- Collected material

##########

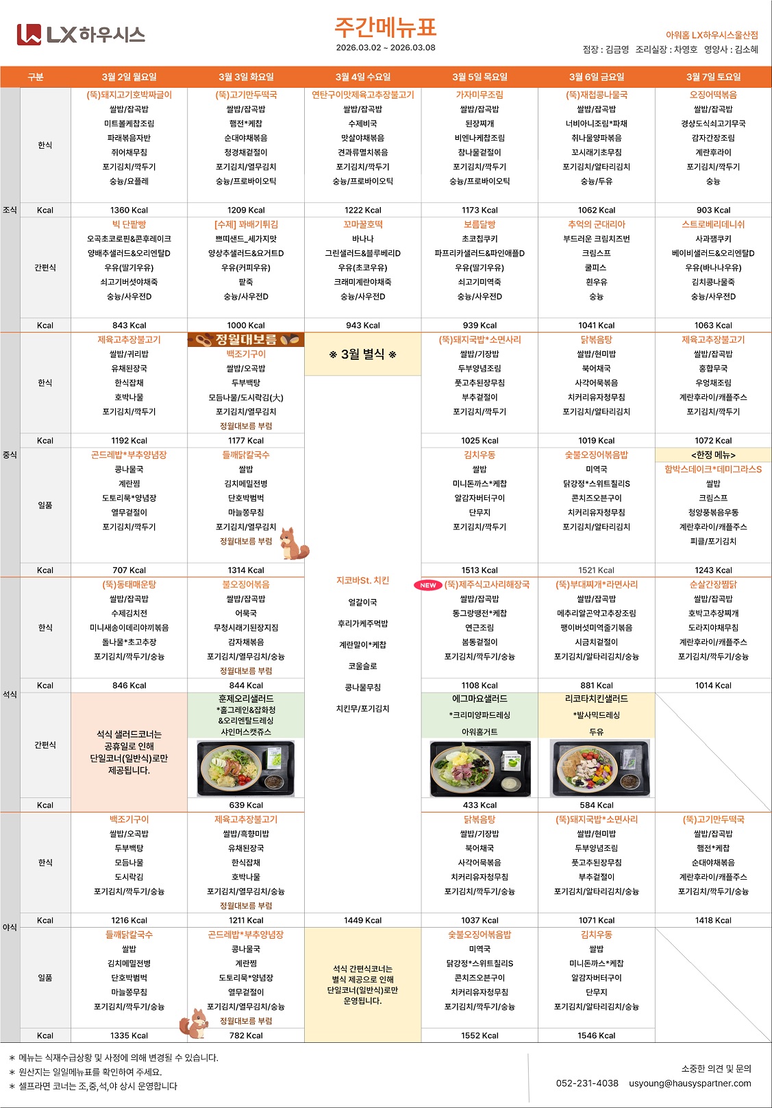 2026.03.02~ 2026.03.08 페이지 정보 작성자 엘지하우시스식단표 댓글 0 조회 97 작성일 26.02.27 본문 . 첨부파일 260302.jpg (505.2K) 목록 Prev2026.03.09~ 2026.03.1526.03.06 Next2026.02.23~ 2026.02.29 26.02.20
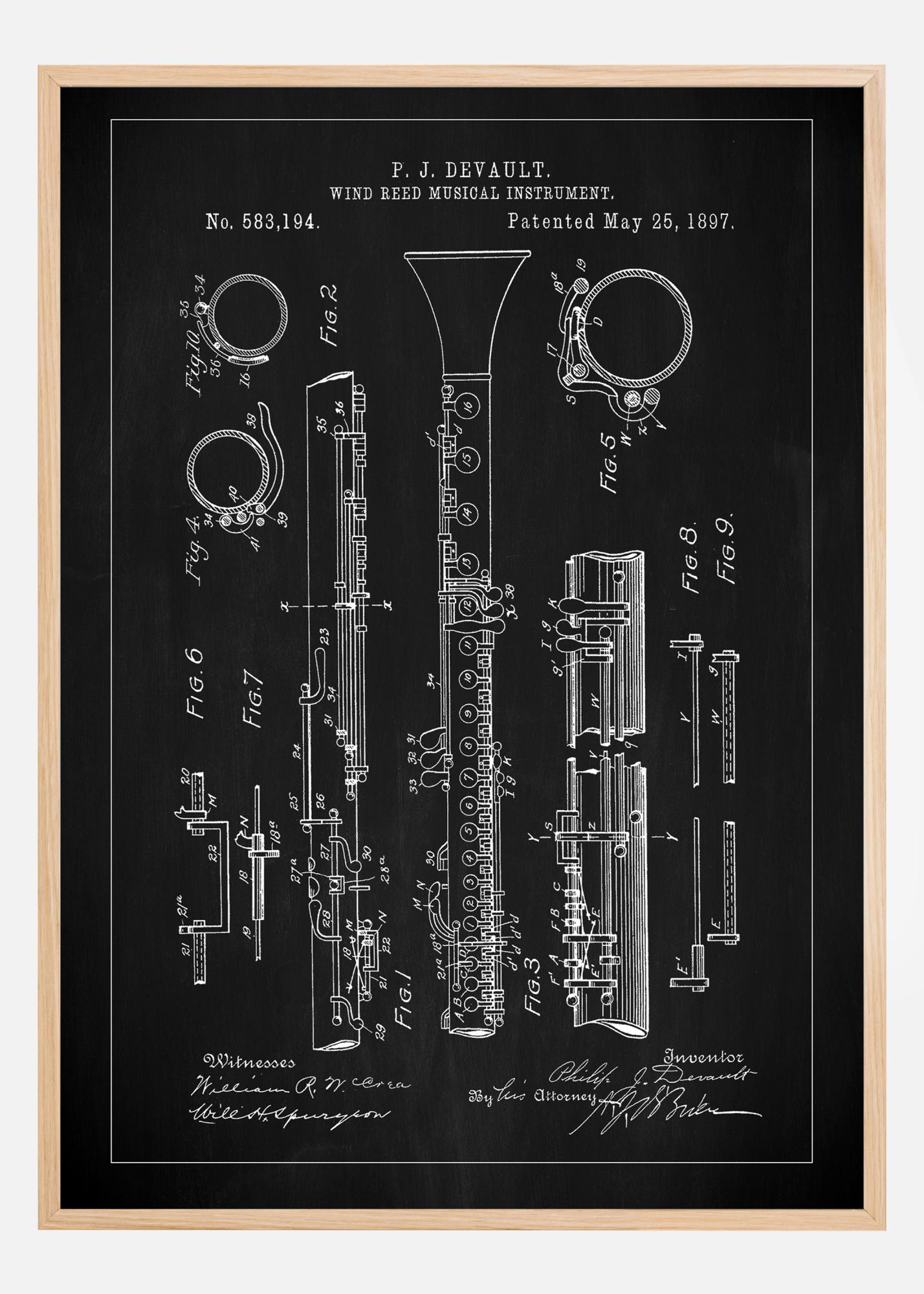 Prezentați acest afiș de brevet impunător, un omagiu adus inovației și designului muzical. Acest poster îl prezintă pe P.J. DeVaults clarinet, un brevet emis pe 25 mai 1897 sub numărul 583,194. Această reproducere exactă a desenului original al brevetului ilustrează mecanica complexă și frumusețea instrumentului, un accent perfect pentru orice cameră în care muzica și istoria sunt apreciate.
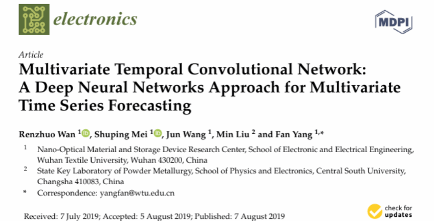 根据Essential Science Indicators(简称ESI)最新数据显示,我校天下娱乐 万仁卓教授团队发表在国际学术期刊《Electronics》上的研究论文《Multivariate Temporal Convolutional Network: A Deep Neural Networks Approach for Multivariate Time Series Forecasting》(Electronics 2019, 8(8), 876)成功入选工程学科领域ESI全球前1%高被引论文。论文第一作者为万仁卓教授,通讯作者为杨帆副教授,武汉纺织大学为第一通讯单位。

##########

- Task directions
From the first line to the last, copy the listing above exactly, dropping all images.

- Exercise answer
 2026.03.02~ 2026.03.08 페이지 정보 작성자 엘지하우시스식단표 댓글 0 조회 97 작성일 26.02.27 본문 . 첨부파일 260302.jpg (505.2K) 목록 Prev2026.03.09~ 2026.03.1526.03.06 Next2026.02.23~ 2026.02.29 26.02.20
 Prezentați acest afiș de brevet impunător, un omagiu adus inovației și designului muzical. Acest poster îl prezintă pe P.J. DeVaults clarinet, un brevet emis pe 25 mai 1897 sub numărul 583,194. Această reproducere exactă a desenului original al brevetului ilustrează mecanica complexă și frumusețea instrumentului, un accent perfect pentru orice cameră în care muzica și istoria sunt apreciate.
 根据Essential Science Indicators(简称ESI)最新数据显示,我校天下娱乐 万仁卓教授团队发表在国际学术期刊《Electronics》上的研究论文《Multivariate Temporal Convolutional Network: A Deep Neural Networks Approach for Multivariate Time Series Forecasting》(Electronics 2019, 8(8), 876)成功入选工程学科领域ESI全球前1%高被引论文。论文第一作者为万仁卓教授,通讯作者为杨帆副教授,武汉纺织大学为第一通讯单位。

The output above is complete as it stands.